Теперь император счел, что заручился достаточной поддержкой для издания эдикта, но за ночь на дверях ратуши и в других местах Вормса появились листовки с подписью: "Башмак!" Это был символ крестьянского бунта – деревянный башмак ремесленника против сапога знати. Уже целый век Германию сотрясали крестьянские волнения. Появившиеся в Вормсе листовки недвусмысленно намекали, что крестьяне восстанут, если Лютер будет осужден. Откуда возникли эти подметные письма, можно было лишь догадываться. Гуттен предположил, что их расклеивали паписты, чтобы дискредитировать лютеран, но Алеандр ровным счетом ничего не знал об источнике их появления. Как бы там ни было, Альбрехт Майнцский заметался. На рассвете Альбрехт ворвался в опочивальню императора, который лишь посмеялся над его страхами. Но Альбрехт не успокоился, а заручился поддержкой своего брата Иоахима, наиболее яростного противника Лютера. По настоянию этих двоих законодатели обратились к императору с просьбой предоставить Лютеру еще одну возможность защитить себя. Император ответил, что он не желает более иметь никаких дел с Лютером, но им дает три дня.

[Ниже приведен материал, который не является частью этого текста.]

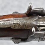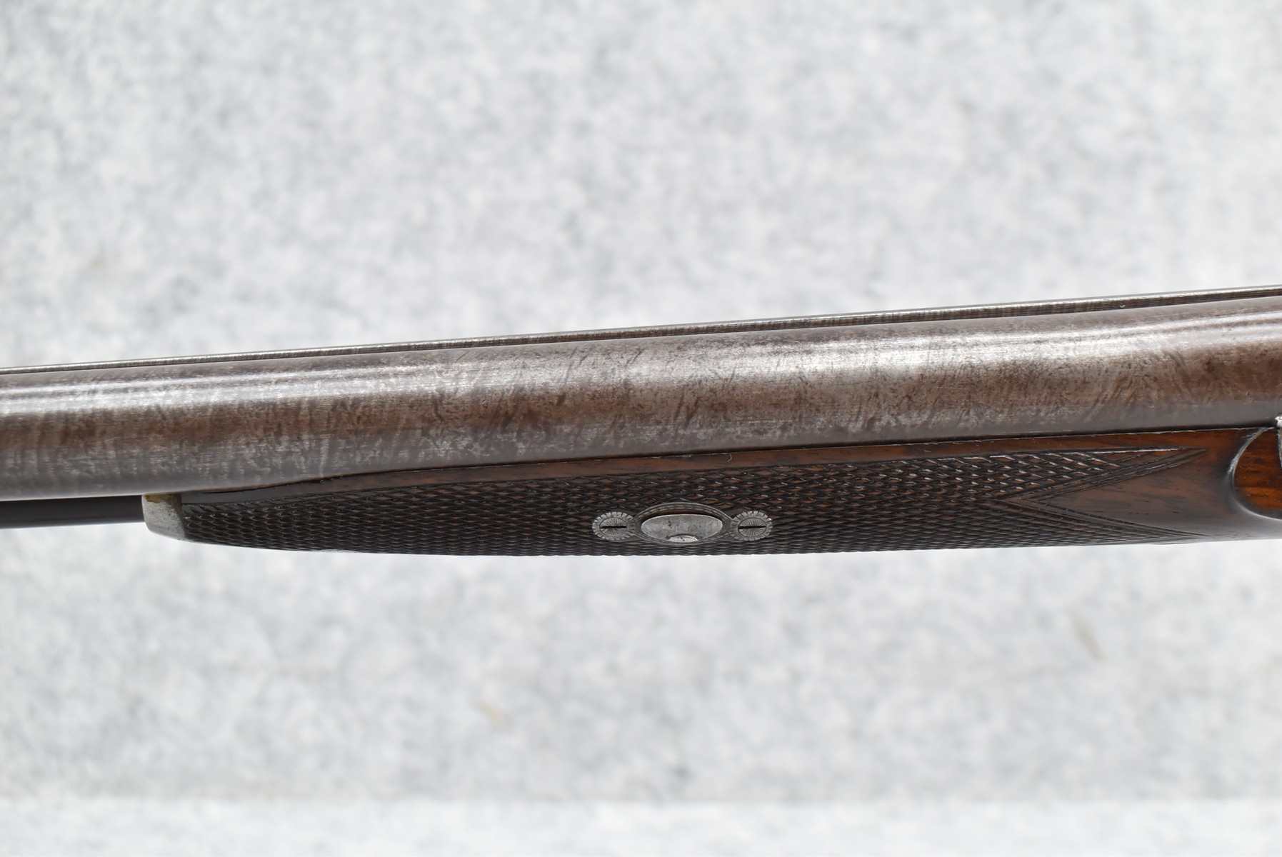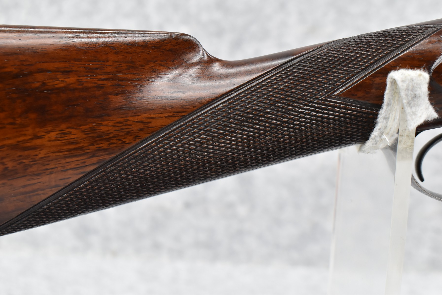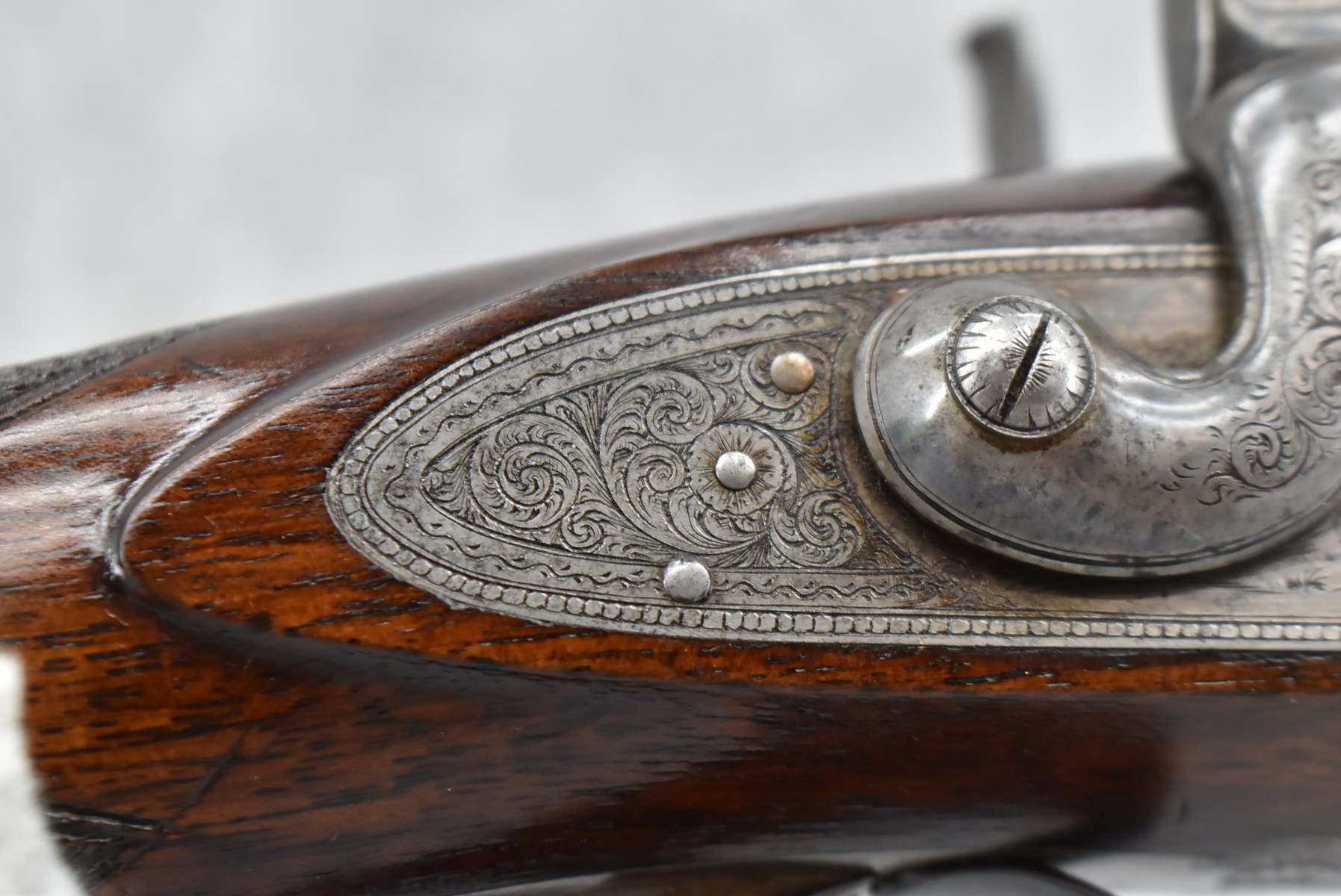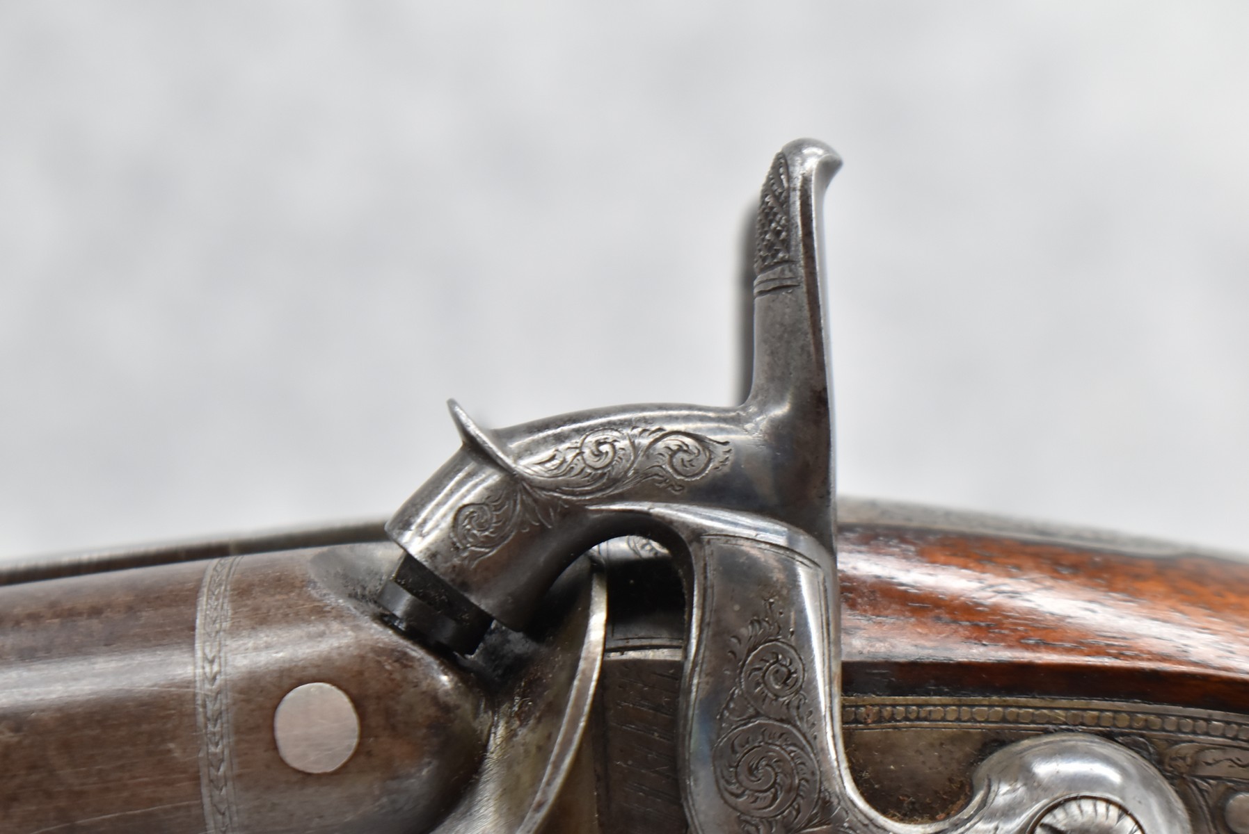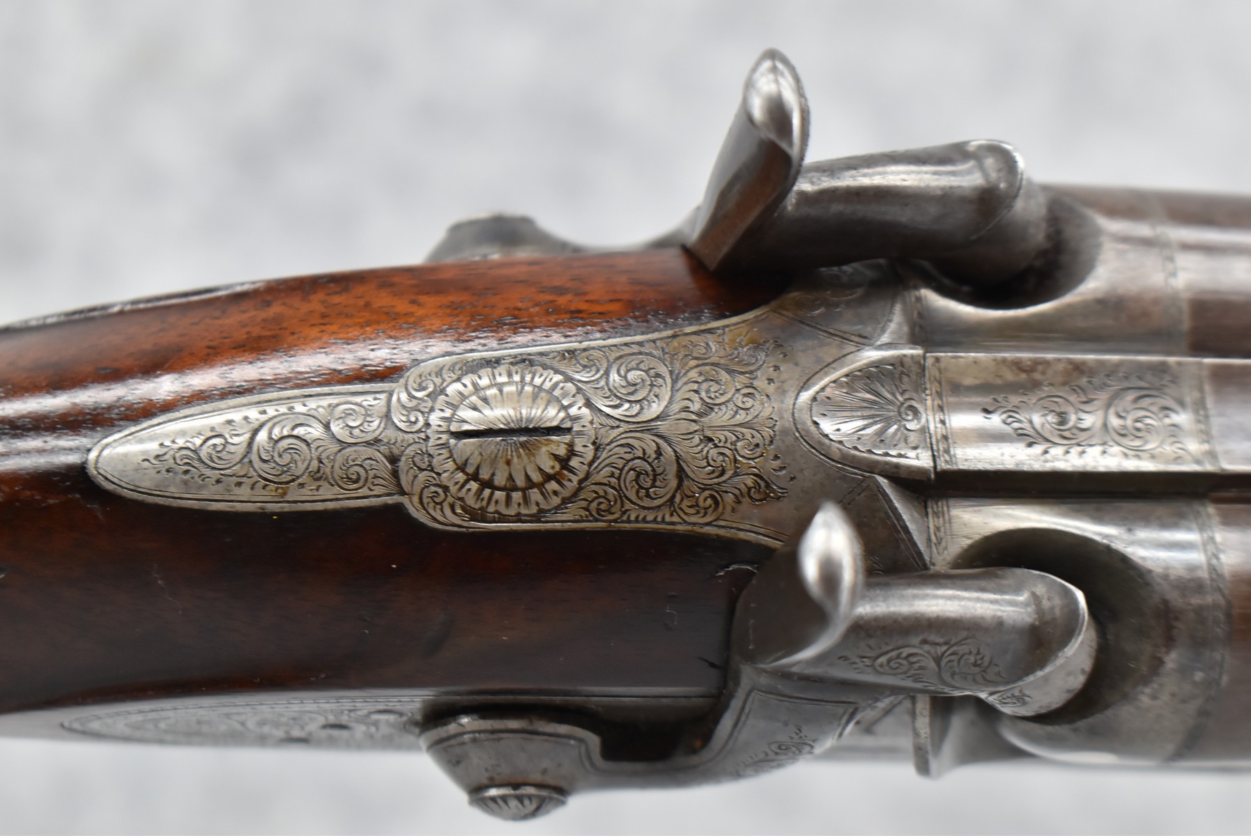 257.        Collins – 12ga. Black Powder Double Barrel Shotgun – w/31” Damascus Barrels w/Front Bead Sight – Fine Engraved Receiver – w/Checkered Straight Grip Wood Stock – w/Double Triggers – w/Ram Rod – High Quality Gun!
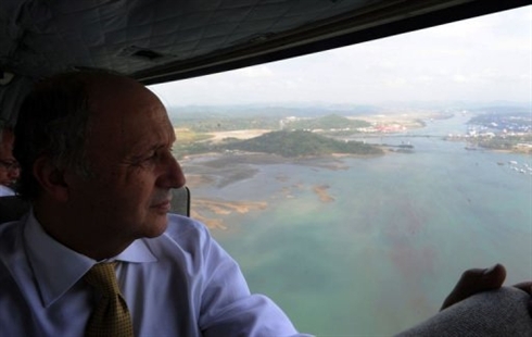 | Le ministre français des Affaires étrangères Laurent Fabius survole le canal de Panama, le 23 février. Photo : AFP/VNA/CVN |
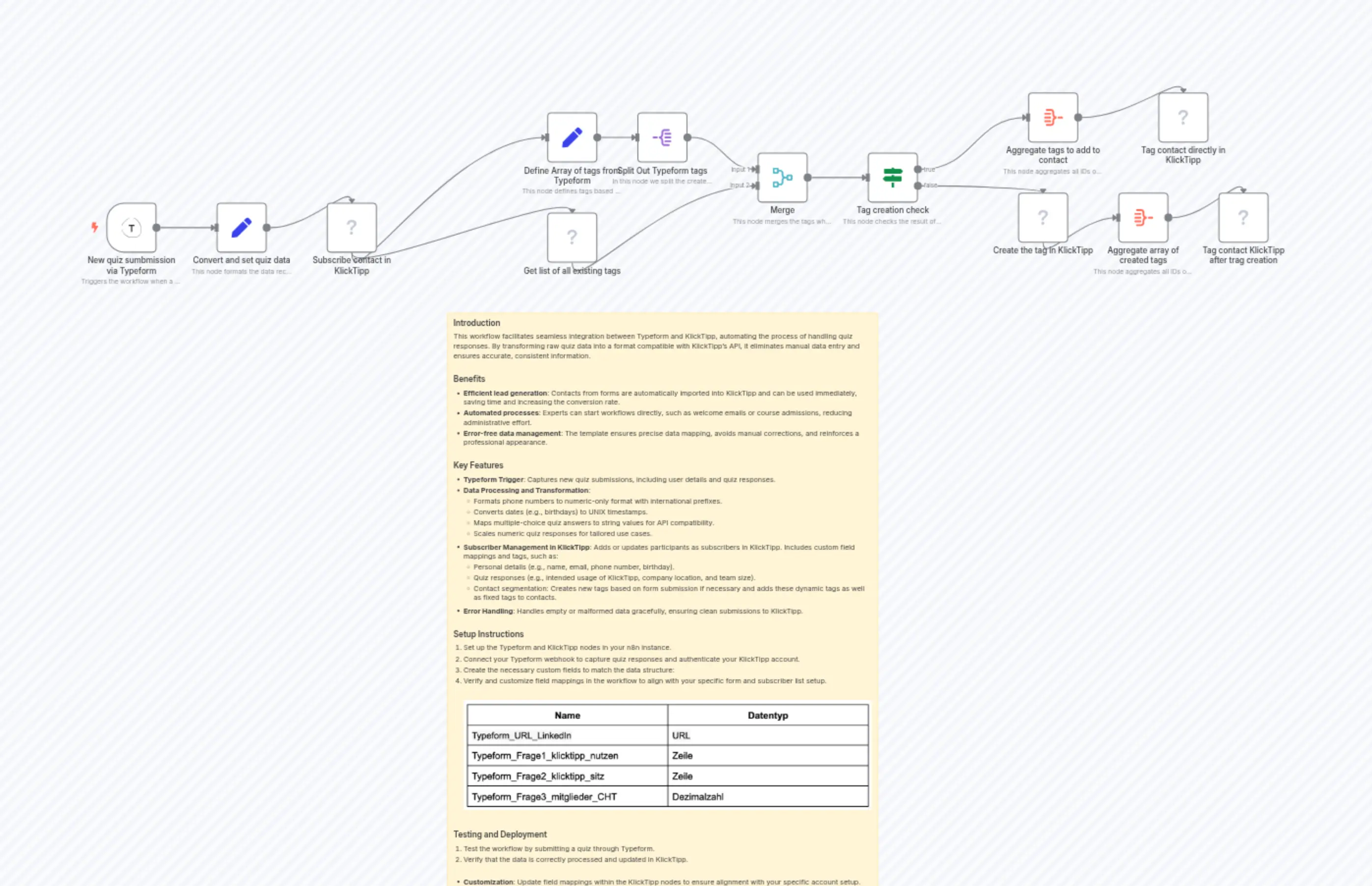 "content": "### Introduction\nThis workflow facilitates seamless integration between Typeform and KlickTipp, automating the process of handling quiz responses. By transforming raw quiz data into a format compatible with KlickTipp’s API, it eliminates manual data entry and ensures accurate, consistent information. \n\n### Benefits\n- **Efficient lead generation**: Contacts from forms are automatically imported into KlickTipp and can be used immediately, saving time and increasing the conversion rate.\n- **Automated processes**: Experts can start workflows directly, such as welcome emails or course admissions, reducing administrative effort.\n- **Error-free data management**: The template ensures precise data mapping, avoids manual corrections, and reinforces a professional appearance.\n\n### Key Features\n- **Typeform Trigger**: Captures new quiz submissions, including user details and quiz responses.\n- **Data Processing and Transformation**:\n - Formats phone numbers to numeric-only format with international prefixes.\n - Converts dates (e.g., birthdays) to UNIX timestamps.\n - Maps multiple-choice quiz answers to string values for API compatibility.\n - Scales numeric quiz responses for tailored use cases.\n- **Subscriber Management in KlickTipp**: Adds or updates participants as subscribers in KlickTipp. Includes custom field mappings and tags, such as:\n - Personal details (e.g., name, email, phone number, birthday).\n - Quiz responses (e.g., intended usage of KlickTipp, company location, and team size).\n - Contact segmentation: Creates new tags based on form submission if necessary and adds these dynamic tags as well as fixed tags to contacts.\n- **Error Handling**: Handles empty or malformed data gracefully, ensuring clean submissions to KlickTipp.\n\n### Setup Instructions\n1. Set up the Typeform and KlickTipp nodes in your n8n instance.\n2. Connect your Typeform webhook to capture quiz responses and authenticate your KlickTipp account.\n3. Create the necessary custom fields to match the data structure:\n4. Verify and customize field mappings in the workflow to align with your specific form and subscriber list setup.\n\n\n\n### Testing and Deployment\n1. Test the workflow by submitting a quiz through Typeform.\n2. Verify that the data is correctly processed and updated in KlickTipp.\n\n- **Customization**: Update field mappings within the KlickTipp nodes to ensure alignment with your specific account setup. "
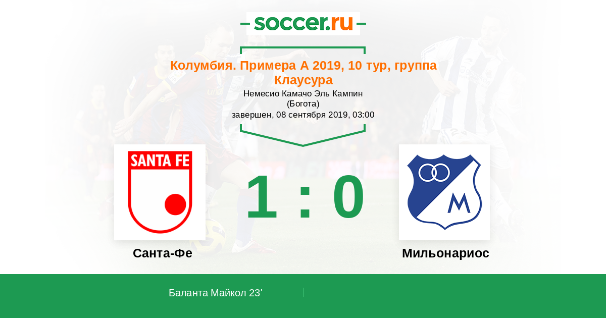 23' (1:0) Баланта Майкол (27) (Перес Андрес (5))
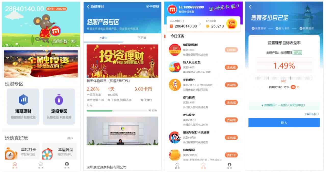 源码说明本套源码投资理财模式全面,支持定投短投和余额宝收益等,运营模式多样化,支持运动步数奖励,积分兑换,幸运转盘,新人红包,早起打卡,每日福利等,自带积分商城和广告接口,已经对接广告联盟,已对接个人免签支付,支持微信支付宝双通道,推广模式和商业变现非常成熟,已经形成一套完整流程,搭建以后即可快速上手运营。
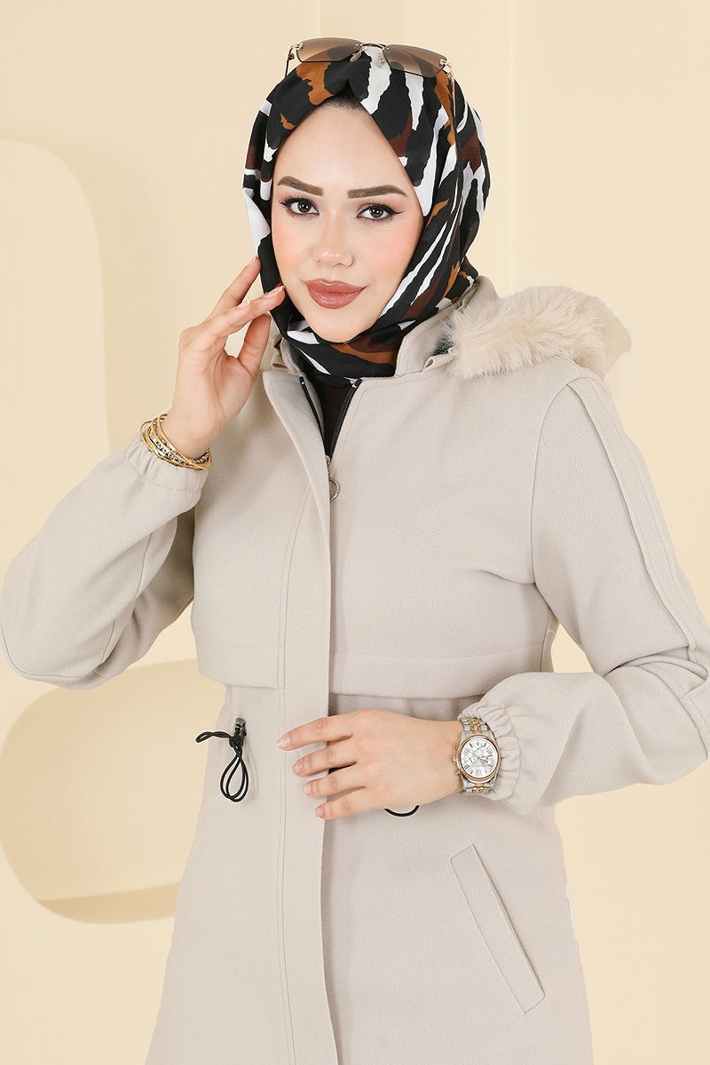Product Feature : It is a new season hijab fashion product. The hood is detachable and can be used optionally. The product has a Upright collar. Unlined. The product has a zipper at the From the front part. The product has an elastic waistband. The fur is sewn into the product. The product has a pocket. The cuff is rubberized. There may be a tonal difference in the product due to concept photo shoots.
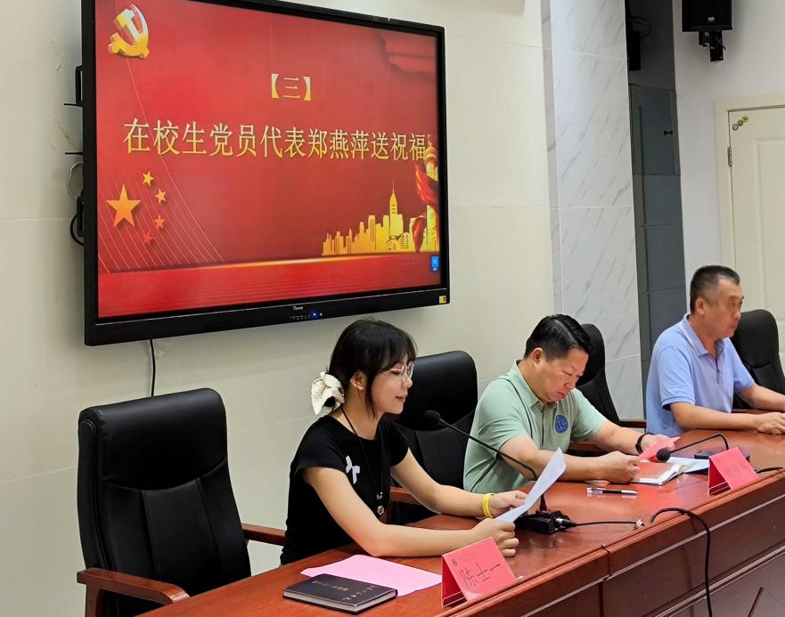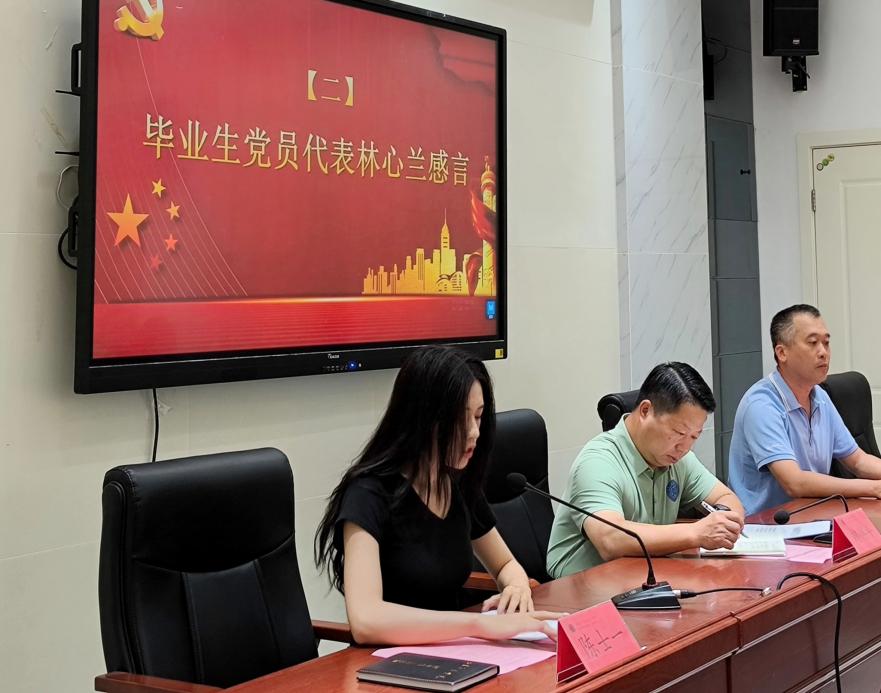 毕业生党员代表林心兰和在校生党员代表郑燕萍依次发表感言,号召毕业生党员以廉洁自律践行法治强国使命承诺。

Затем в более узком кругу были предприняты попытки сломить Лютера. Не будучи столь драматичным, это испытание имело ничуть не меньшую значимость, чем публичные слушания. Для того, кто способен открыто противопоставить свое мнение многочисленному собранию, может оказаться куда труднее – если он не утратил способность чувствовать – сопротивляться мягким увещеваниям людей, стремящихся предотвратить раскол Германии и распри в Церкви. Во главе этой группы стоял Рихард Грейффенклаусский, архиепископ Трирский, хранитель цельнотканых одежд Христовых. Фридрих Мудрый уже давно предлагал его кандидатуру на роль арбитра. Он был связан как с некоторыми друзьями Лютера, так и с некоторыми его недругами, например, с герцогом 1еоргом.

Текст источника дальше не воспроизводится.